Cutout regularization is another strategy to fit against the ever-looming problem of overfitting. Overfitting refers to the phenomenon when a statistical model models its training data too closely. This is often described as the bias-variance tradeoff in which a model with high bias does not have the flexibility to model its training data and a model with with high variance is overly flexible in this sense. Deep Neural Networks are especially prone to overfitting, a consequence of their enormous representational capacity.
Many regularization methods have been proposed such as dropout and weight penalties. Cutout regularization is unique to these and especially interesting because unlike other methods that regularize the model in the function space of the model itself, this technique focuses on the data space.
The idea behind Cutout Regularization is appealing for its simplicity and ease of implementation. The algorithm works by simply masking out contiguous squares of an image, (depicted below):
Generally, Cutout Regularization is very similar to other data augmentation methods such as rotating and translating images. These kinds of data augmentations are very popular because they can be very easily implemented, especially with Keras’ ImageDataGenerator class. Unlike many classical data augmentations, Cutout Regularization can be stacked on top of any other augmentation. In this sense, Cutout Regularization serves as an intermediate pre-processing step between the original and augmented data and the training batch.

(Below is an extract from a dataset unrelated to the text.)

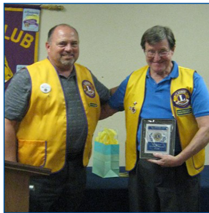
Duncanville Noon "Grass Roots Lion"

Intuitively, Cutout Regularization should force a CNN model to develop a more diverse set of features for classifying images. Instead of just focusing on the wheels of a car, Cutout Regularization should force the model to look at other details of the image.
Proof of Intuition with Feature Activation Distribution
The authors prove that Cutout Regularization does so this by comparing the distribution of activations with and without Cutout Regularization. With Cutout, the largest feature activations are distributed centrally towards the initial or shallow layers of the network, indicating that the network is using more information from the data space.
With respect to the implementation details of this paper, the authors found that the size of the zeroed-mask is more important than the shape of it. Also interesingly, they found that a 16x16 mask worked best on CIFAR-10, but an 8x8 mask worked best for CIFAR-100. This follows our intuition that Cutout forces the learning of more general features. In 100-class classification, the model needs more fine-grained features to separate between the classes.
The plot above shows the search for patch-length across the different datasets. In CIFAR-100 optimal performance is achieved with a patch-length of 8 pixels, in CIFAR-10 the optimal performance is achieved with 16 pixels.
Cutout is implemented by randomly selecting a center point in the image and masking out a square around this point. You may be tempted to limit the center point such that the mask won’t pass the borders of the image, however, the authors tested this and claim that letting the mask surpass the frame of the image was necessary for achieving maximum accuracy. One explanation for this is that it is good for the model to see some images that are not occluded. This is also achieved by applying a probability p in which images are either inputted to the network as they are or passed through the Cutout augmentation.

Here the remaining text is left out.